Recursive Binding for Similarity-Preserving Hypervector Representations of Sequences
This work addresses a critical step in hyperdimensional computing for AI and cognitive computing, offering a method for sequence representation that is incremental in improving similarity preservation and shift equivariance.
The paper tackles the problem of transforming sequences into hyperdimensional vector representations that preserve similarity of identical elements at nearby positions and are equivariant to sequence shifts, using recursive binding and superposition operations.
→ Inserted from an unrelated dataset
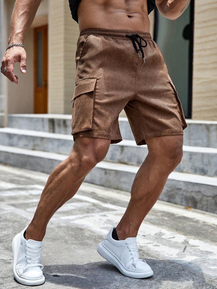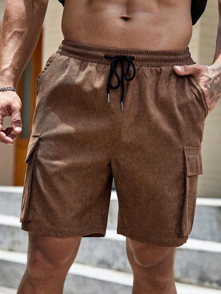 Guys Flap Pocket Drawstring Waist Cargo Shorts
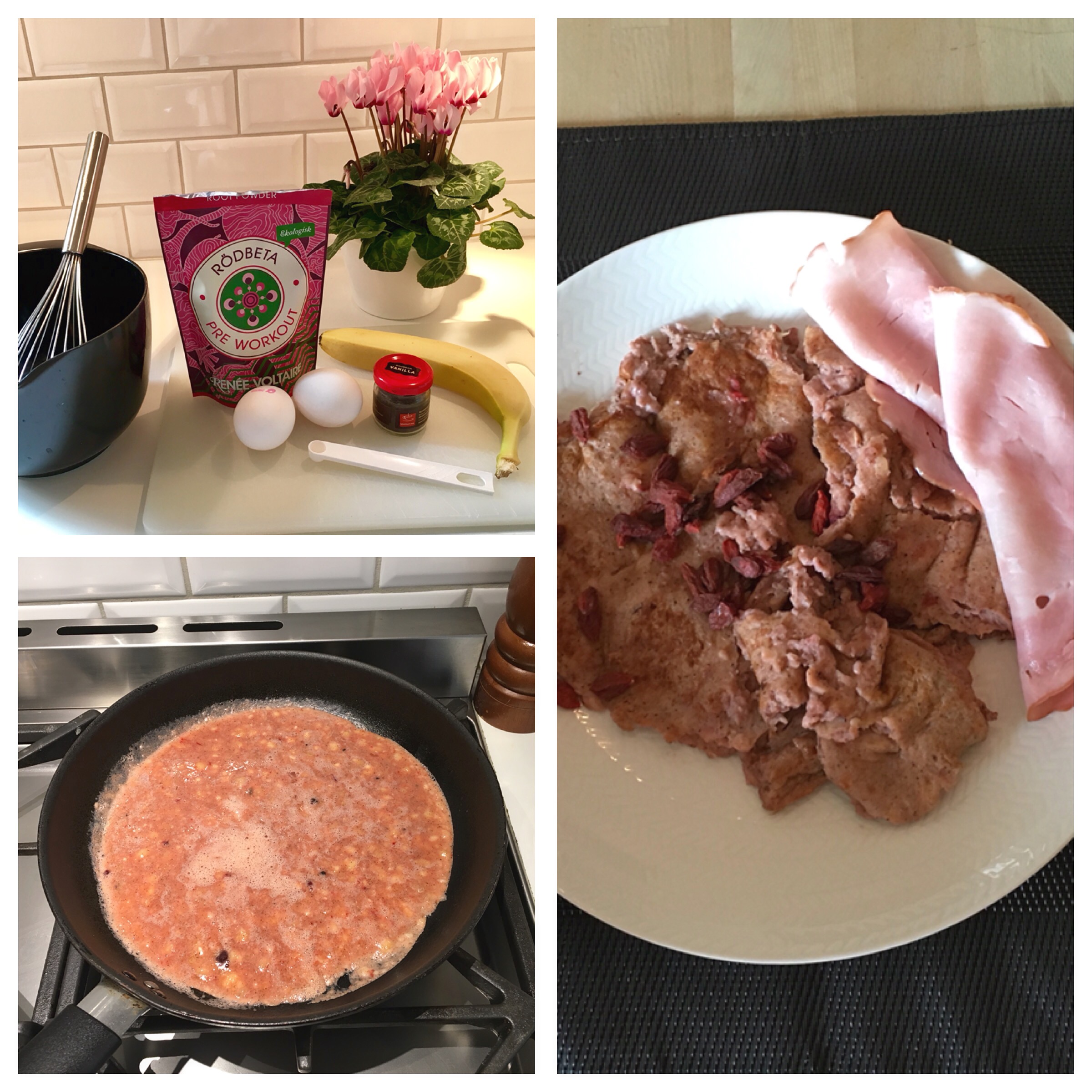 Jag har lagat banan pannkakor med rödbeta pulver från Renée Voltaire som gett pannkakorna (eller omeletten) den rosa fina färgen. Se mitt recept nedan och njut till brunchen eller mellanmålet!

The results show performance on par with more sophisticated approaches in experiments with symbolic strings modeling human word similarity.
Hyperdimensional computing (HDC), also known as vector symbolic architectures (VSA), is a computing framework used within artificial intelligence and cognitive computing that operates with distributed vector representations of large fixed dimensionality. A critical step for designing the HDC/VSA solutions is to obtain such representations from the input data. Here, we focus on sequences and propose their transformation to distributed representations that both preserve the similarity of identical sequence elements at nearby positions and are equivariant to the sequence shift. These properties are enabled by forming representations of sequence positions using recursive binding and superposition operations. The proposed transformation was experimentally investigated with symbolic strings used for modeling human perception of word similarity. The obtained results are on a par with more sophisticated approaches from the literature. The proposed transformation was designed for the HDC/VSA model known as Fourier Holographic Reduced Representations. However, it can be adapted to some other HDC/VSA models.